O Tribunal de Contas da União (TCU) pode determinar medidas cautelares de indisponibilidade de bens em desfavor de particulares. Foi o que decidiu o plenário do Supremo Tribunal Federal (STF) no julgamento do mandado de segurança nº 35.506/DF (MS 35.506/DF), que confirmou o entendimento externado em decisões monocráticas de ministros da Corte Isso não significa, contudo, que o STF referendará toda e qualquer constrição de bens determinada pelo TCU.

Para resguardar eventual e futura recomposição dos cofres públicos, a Lei Orgânica e o Regimento Interno do TCU autorizam o manejo de medida cautelar de indisponibilidade de bens dos supostos responsáveis pelos prejuízos ao erário, pelo prazo de um ano. As decisões cautelares do TCU normalmente se fundamentam na presença de (a) probabilidade do direito e (b) receio de lesão ao erário, ao interesse público ou risco em se aguardar a decisão final. Esse risco é em alguns casos simplesmente presumido, isto é, dispensa-se a demonstração de indício de dilapidação patrimonial ou de outra medida que implique futura inviabilização do ressarcimento ao erário.

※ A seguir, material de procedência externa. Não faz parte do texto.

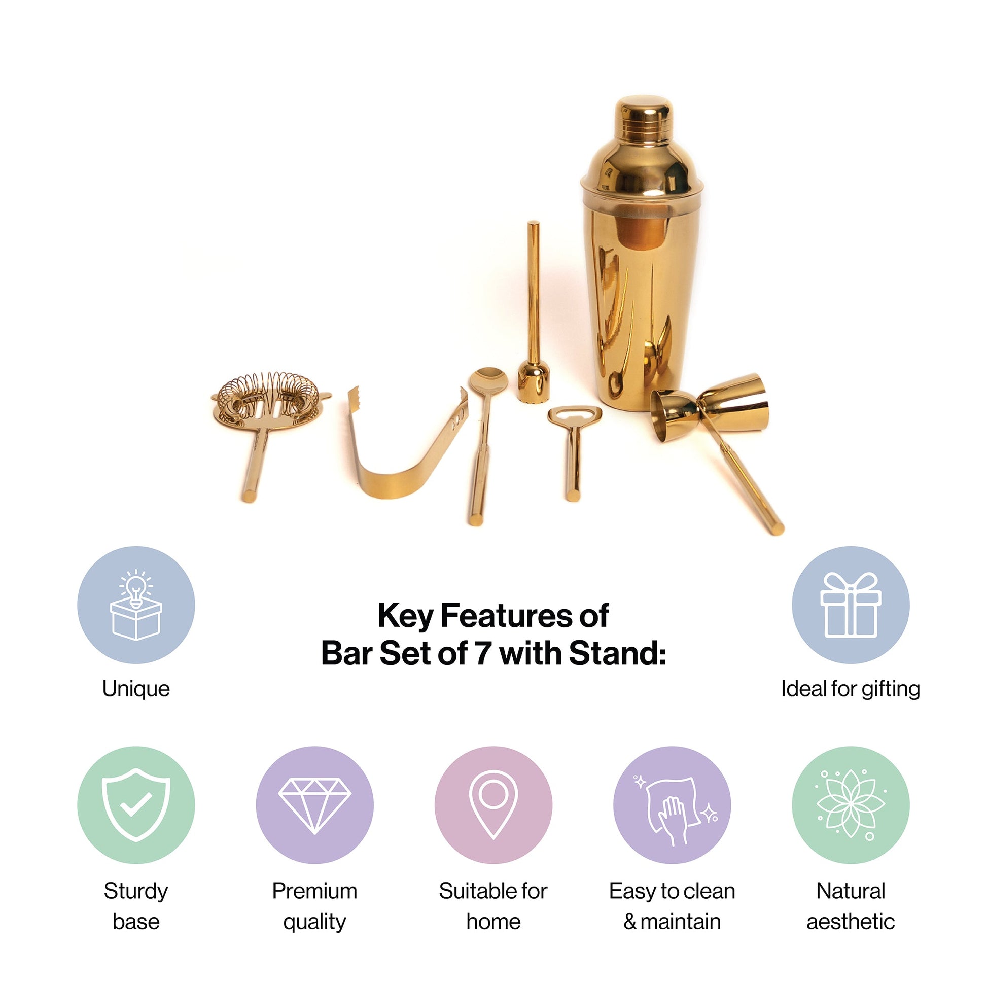 Craftsmanship: One of the first vital aspects of our bar set of 7 gold PVD coated for kitchen decor is associated with its fine craftsmanship. From the use of contemporary styling, to the use of unique lustre on the body of the bar set elements, this makes it look unique and hence elevates its essence. Having this bar set of 7 gold PVD coated for kitchen decor in your home will definitely add to your homeware beauty.

Há relevante controvérsia quanto a se a indisponibilidade cautelar pode ser decretada só em desfavor de agentes públicos. Isso porque (a) interpretação mais literal da Lei Orgânica e do Regimento Interno do TCU indica que a cautelar seria oponível a quem também puder ser afastado temporariamente de sua função (isto é, agentes públicos) e (b) somente o Poder Judiciário teria poder geral de determinar ordens cautelares. Não obstante, acompanhando movimento de maior protagonismo de órgãos de controle no combate à malversação de dinheiro público, o TCU passou a determinar a indisponibilidade de bens de particulares – em alguns casos, até mesmo com desconsideração da personalidade jurídica em desfavor de grupos econômicos e de sócios, acionistas e administradores.

Essas medidas costumam ser referendadas pelo STF, quase sempre por decisões monocráticas. Exceções existem, é claro. É o caso do posicionamento liminar e do subsequente voto do ex-Ministro Marco Aurélio no MS 35.506/DF, o qual ficou vencido no julgamento pelo plenário.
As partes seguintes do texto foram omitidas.